Evan ChanHelena Edelson

Fast and Simplified Streaming, Ad-Hoc and Batch Analytics with FiloDB and Spark Streaming

Date: This event took place live on March 16 2016

Presented by: Evan Chan, Helena Edelson

Duration: Approximately 60 minutes.

Questions? Please send email to

Description:

Hosted By: Ben Lorica

Companies today need a combination of streaming, batch, and ad-hoc analytics to extract the most meaning from their data sets. In order to have immediate insight into your data, low latency response times to new events are required, which often means querying recent and historical data to compute trends and predictions. The rise of Apache Spark, along with distributed messaging systems that support streaming, such as Kafka, has enabled and simplified this process. Yet, organizations still build dual streaming and batch pipelines (such as the Lambda architecture) with a multitude of technologies (for example, Hadoop) that need to be supported and financed in terms of staff and storage.

FiloDB is a new open-source high performance analytical database designed for modern streaming workloads as well as fast batch and ad-hoc analysis. In this webcast, we will demonstrate some use cases of FiloDB that have enabled flexible ad-hoc analytics for a new generation of real-time Spark and Spark Streaming applications, while also simplifying the stack.

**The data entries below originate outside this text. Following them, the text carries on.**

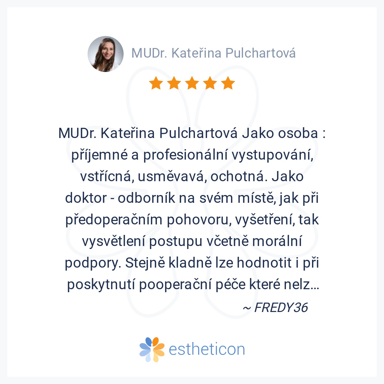 MUDr. Kateřina Pulchartová Jako osoba : příjemné a profesionální vystupování, vstřícná, usměvavá, ochotná. Jako doktor - odborník na svém místě, jak při předoperačním pohovoru, vyšetření, tak vysvětlení postupu včetně mo... Více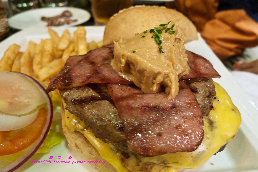 濃郁香滑的花生醬,搭配多汁的雙層牛肉,夾著烤到融化的起司,上面還鋪著培根~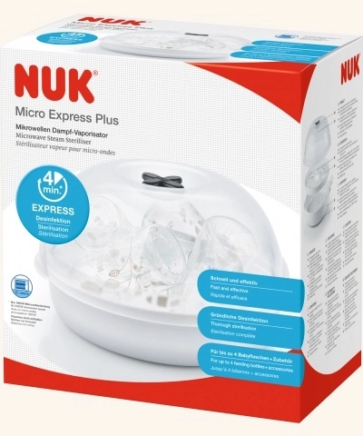 NUK Micro Express Plus este un sterilizator cu abur pentru cuptorul cu microunde, care asigură dezinfectarea fiabilă a biberoanelor și accesoriilor pentru bebeluși în câteva minute. Datorită suportului inteligent, poate găzdui până la 4 biberoane de 300 ml cu gât larg și le menține în poziția corectă pentru o uscare eficientă. Capacului transparent și noului sistem de blocare le datorează o utilizare sigură și clară.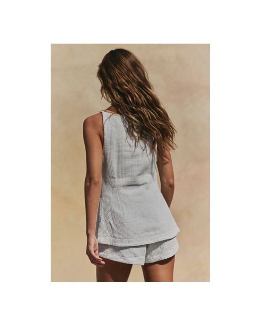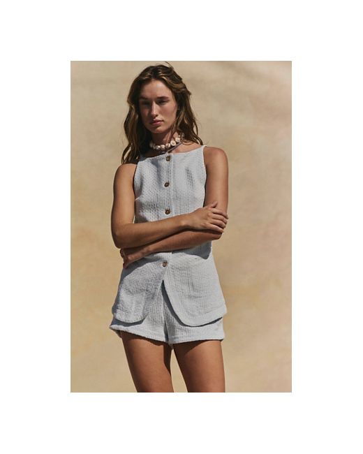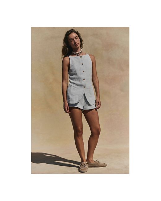 So chic with vintage-inspired charm, this set from our free-est collection will have everyone asking you, " Where did you get that?" **Fit:** Top: Longline, fitted silhouette; Shorts: Relaxed fit that sits at the natural waist **Features:** Top: High-neckline, button-up closures, peplum-style split hem, side jetted pockets; Shorts: Pull-on style, flat front and back, coordinating textured woven fabrication **Why We ❤ It:** Sleek with platforms or off-duty with sneakers, this set has endless ways to wear. Coastal Classy Set by free-est at Free People in Morning Frost, Size: XS
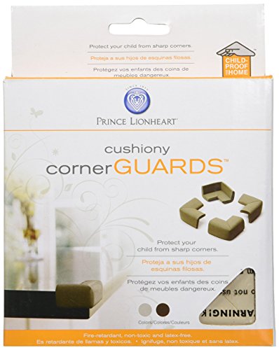 Removes quickly and easily when no longer needed. Protect your child against the bumps, bruises, and boo-boos they can get while exploring the world around them. Prince Lionheart's cushiony corner guards are 2" x 2" and secure easily to sharp corners. The corner guards absorb impact and lessen the chance of falls causing serious injury to young children. Fire retardant, non-toxic and latex-free. Available in chocolate and grey.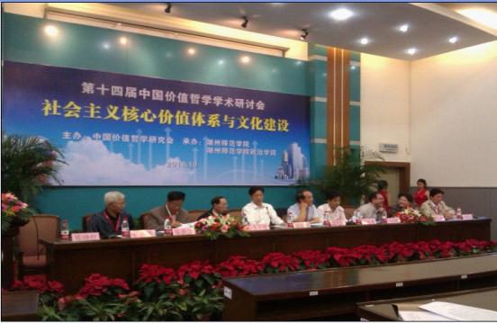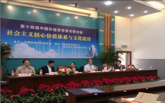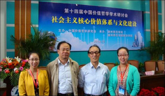 2012年10月13日—14日,第十四届价值哲学学术研讨会在湖州师范学院召开。此次会议由中国价值哲学学会主办,湖州师范学院承办。参加会议的有全国34所高等院校、8所党校和社科院、8个学术杂志的代表共65人。李德顺教授、文兵教授、闫琛老师以及博士生魏燕妮参加了此次研讨会。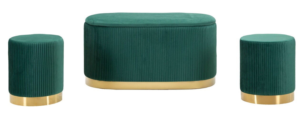 Set bancheta si 2 taburete Shopy, Mauro Ferretti, 80x37x42 cm, 29x35 cm, fier/MDf/poliester, verde/auriu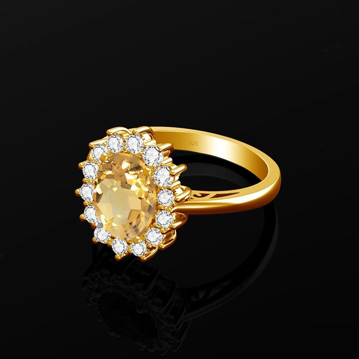 Женское кольцо Szjinao из чистого серебра 925 пробы с позолоченным желтым цитрином 5 карат 9*11 мм, обручальное кольцо с камнем, модные блестящие ювелирные украшения для женщин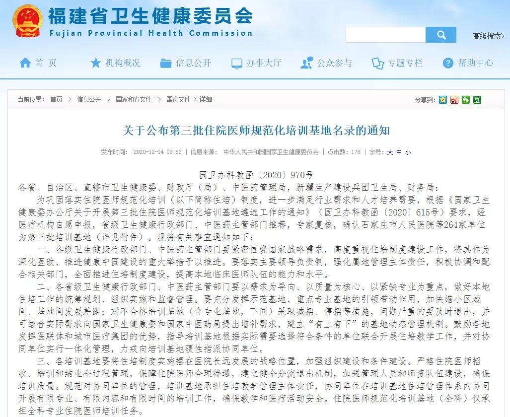 近日,根據國家衛(wèi)生健康委員會辦公廳、財政部辦公廳、國家中醫(yī)藥管理局辦公室聯(lián)合發(fā)布的《關于公布第三批住院醫(yī)師規(guī)范化培訓基地名錄的通知》(國衛(wèi)辦科教函[2020]970號)文件,確認廈門大學附屬廈門眼科中心成為第三批國家級住院醫(yī)師規(guī)范化培訓基地。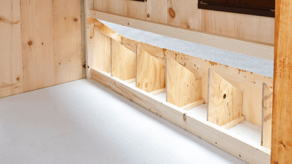 - Proper roosting perches and access to a minimum of one nesting box for every four to five hens.

In this webcast, we will also review:

  • Modern streaming and batch/ad-hoc architectures
  • Precise and scalable streaming ingestion using Apache Kafka, Akka, Spark Streaming, Cassandra, and FiloDB
  • How a unified streaming + batch stack can lower your TCO
  • Using Cassandra to answer roll ups and web-speed queries
  • What FiloDB is and how it enables fast analytics with competitive storage cost
  • Data Warehousing with Spark, Cassandra, and FiloDB
  • Time series / event data / geospatial examples, including smart cities
  • Machine learning using Spark MLLib—without the need to export to HDFS
  • Combining streaming and historical data analysis, including efficient longer-time window analysis

About Evan Chan

Evan loves to design, build, and improve bleeding edge distributed data and backend systems using the latest in open source technologies. He is the creator of the FiloDB open-source distributed analytical OLAP database, as well as the Spark Job Server. He has led the design and implementation of multiple big data platforms based on Storm, Spark, Kafka, Cassandra, and Scala/Akka, including a columnar real-time distributed query engine. He is an active contributor to the Apache Spark project, and a Datastax Cassandra MVP. He has built Spark applications since Spark 0.8, and Cassandra applications since 0.6. He is a big believer in GitHub, open source, and meetups, and has given talks at various conferences including Spark Summit, Cassandra Summit, FOSS4G, and Scala Days.

Evan has a Bachelor’s degree and a Master's of Electrical Engineering degree, with distinction, from Stanford University. He is currently a distinguished engineer at Tuplejump.

Twitter: @evanfchan

About Helena Edelson

Helena has been a Software Engineer for over 15 years. After a decade in distributed messaging engineering she moved exclusively to working with Scala, first for cloud infrastructure automation, then big data, all for large scale distributed systems. As a Senior Cloud Engineer she was on the first Scala team at VMware building multi-tenant cloud automation systems, then in big data architecting, building and deploying streaming and batch analytics pipelines for Cyber Security for real time threat analysis. Most recently she has worked on streaming analytics and machine learning at scale with Kafka, Apache Spark, FiloDB, Cassandra, and Akka.

Helena is a committer to several open source projects including the Spark Cassandra Connector and a contributor to Akka (new features in Akka Cluster). While working at SpringSource she was a contributor to Spring Integration and Spring AMQP. She is a speaker at international Big Data and Scala conferences such as Spark Summit (Europe and the US), Strata NY, Strata San Jose, QCon SF, Scala Days (Europe and the US), Scala World, Data Days, and Philly Emerging Technology. She is currently VP of Product Engineering at Tuplejump.

Twitter: @helenaedelson

About Ben Lorica, Chief Data Scientist — O'Reilly Media

Ben Lorica is the Chief Data Scientist and Director of Content Strategy for Data at O'Reilly Media, Inc. He has applied Business Intelligence, Data Mining, Machine Learning and Statistical Analysis in a variety of settings including Direct Marketing, Consumer and Market Research, Targeted Advertising, Text Mining, and Financial Engineering. His background includes stints with an investment management company, internet startups, and financial services.